■ Work instruction
Once you have counted the lines below that contain "Featuring", give that number and nothing else.

== Record excerpts

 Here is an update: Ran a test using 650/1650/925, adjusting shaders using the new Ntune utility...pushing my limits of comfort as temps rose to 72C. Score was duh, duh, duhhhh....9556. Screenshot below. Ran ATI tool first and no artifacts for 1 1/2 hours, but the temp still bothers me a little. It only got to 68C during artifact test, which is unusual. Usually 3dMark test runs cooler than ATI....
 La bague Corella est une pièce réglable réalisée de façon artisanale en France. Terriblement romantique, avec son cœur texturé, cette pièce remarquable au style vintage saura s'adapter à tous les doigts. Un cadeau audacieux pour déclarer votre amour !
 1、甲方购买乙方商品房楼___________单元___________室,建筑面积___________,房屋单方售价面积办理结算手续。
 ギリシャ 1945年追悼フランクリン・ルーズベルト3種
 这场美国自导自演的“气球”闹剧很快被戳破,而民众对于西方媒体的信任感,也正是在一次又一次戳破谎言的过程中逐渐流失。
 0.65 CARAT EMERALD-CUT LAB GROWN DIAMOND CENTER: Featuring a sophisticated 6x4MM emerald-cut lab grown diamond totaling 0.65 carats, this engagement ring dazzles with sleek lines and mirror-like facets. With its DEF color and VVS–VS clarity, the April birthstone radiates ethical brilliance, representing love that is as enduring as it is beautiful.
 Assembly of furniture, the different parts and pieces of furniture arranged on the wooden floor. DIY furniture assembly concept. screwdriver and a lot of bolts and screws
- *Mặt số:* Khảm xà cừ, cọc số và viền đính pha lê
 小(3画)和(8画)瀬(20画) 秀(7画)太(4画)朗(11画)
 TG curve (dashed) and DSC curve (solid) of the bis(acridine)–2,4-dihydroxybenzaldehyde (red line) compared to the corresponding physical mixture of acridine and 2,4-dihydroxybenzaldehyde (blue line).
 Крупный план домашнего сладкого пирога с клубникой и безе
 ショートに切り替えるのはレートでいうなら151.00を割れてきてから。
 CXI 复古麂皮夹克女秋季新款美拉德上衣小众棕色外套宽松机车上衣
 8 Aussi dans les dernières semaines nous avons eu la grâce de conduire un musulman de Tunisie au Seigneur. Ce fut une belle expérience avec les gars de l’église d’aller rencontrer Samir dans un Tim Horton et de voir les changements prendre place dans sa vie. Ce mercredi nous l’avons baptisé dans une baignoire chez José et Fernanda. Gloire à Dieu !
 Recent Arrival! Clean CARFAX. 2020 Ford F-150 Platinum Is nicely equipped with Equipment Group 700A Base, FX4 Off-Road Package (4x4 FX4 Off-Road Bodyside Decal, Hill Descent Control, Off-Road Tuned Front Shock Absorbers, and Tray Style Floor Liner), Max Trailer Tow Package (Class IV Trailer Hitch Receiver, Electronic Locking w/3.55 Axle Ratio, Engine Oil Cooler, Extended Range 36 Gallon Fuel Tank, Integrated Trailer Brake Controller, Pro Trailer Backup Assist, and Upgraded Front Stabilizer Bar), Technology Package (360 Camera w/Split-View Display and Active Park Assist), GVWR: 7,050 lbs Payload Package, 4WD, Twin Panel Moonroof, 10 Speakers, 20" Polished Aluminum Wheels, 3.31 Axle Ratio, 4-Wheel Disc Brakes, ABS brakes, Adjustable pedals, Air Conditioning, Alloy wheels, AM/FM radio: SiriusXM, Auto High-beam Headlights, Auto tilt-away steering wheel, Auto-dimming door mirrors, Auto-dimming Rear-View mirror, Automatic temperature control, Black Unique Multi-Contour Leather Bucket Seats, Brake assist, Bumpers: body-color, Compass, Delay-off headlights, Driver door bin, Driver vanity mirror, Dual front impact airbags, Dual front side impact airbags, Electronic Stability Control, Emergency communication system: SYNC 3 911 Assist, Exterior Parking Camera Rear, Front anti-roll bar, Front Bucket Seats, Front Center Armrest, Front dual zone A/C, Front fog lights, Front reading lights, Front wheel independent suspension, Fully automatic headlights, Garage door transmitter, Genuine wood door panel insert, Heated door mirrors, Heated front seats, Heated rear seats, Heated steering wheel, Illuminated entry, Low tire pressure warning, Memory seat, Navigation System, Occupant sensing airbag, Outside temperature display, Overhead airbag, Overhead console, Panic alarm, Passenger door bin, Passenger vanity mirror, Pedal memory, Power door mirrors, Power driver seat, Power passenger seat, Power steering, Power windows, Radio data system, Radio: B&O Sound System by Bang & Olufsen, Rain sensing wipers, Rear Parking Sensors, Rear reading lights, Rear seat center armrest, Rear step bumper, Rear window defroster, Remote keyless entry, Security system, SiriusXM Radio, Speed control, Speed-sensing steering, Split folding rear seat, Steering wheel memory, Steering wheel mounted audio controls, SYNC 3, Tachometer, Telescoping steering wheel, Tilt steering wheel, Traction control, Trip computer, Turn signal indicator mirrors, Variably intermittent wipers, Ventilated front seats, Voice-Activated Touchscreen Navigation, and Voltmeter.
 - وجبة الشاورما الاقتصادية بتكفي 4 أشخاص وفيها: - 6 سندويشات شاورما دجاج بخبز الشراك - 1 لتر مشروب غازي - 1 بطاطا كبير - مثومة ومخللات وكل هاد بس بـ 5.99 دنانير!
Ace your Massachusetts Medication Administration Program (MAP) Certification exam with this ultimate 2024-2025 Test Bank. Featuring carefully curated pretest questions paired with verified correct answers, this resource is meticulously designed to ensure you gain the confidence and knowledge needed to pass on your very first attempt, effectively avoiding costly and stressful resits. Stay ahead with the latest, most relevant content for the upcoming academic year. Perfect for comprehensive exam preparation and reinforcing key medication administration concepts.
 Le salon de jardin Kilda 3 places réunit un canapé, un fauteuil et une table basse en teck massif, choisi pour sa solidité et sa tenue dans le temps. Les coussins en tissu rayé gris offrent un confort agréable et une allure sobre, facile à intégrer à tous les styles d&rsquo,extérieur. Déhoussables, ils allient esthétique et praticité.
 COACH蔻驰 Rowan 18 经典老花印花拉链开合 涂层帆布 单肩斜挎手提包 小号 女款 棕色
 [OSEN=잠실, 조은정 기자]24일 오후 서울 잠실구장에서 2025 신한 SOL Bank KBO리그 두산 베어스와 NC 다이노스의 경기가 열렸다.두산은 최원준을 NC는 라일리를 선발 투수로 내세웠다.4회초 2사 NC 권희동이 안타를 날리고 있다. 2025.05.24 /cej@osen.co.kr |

====

■ Exercise solution
2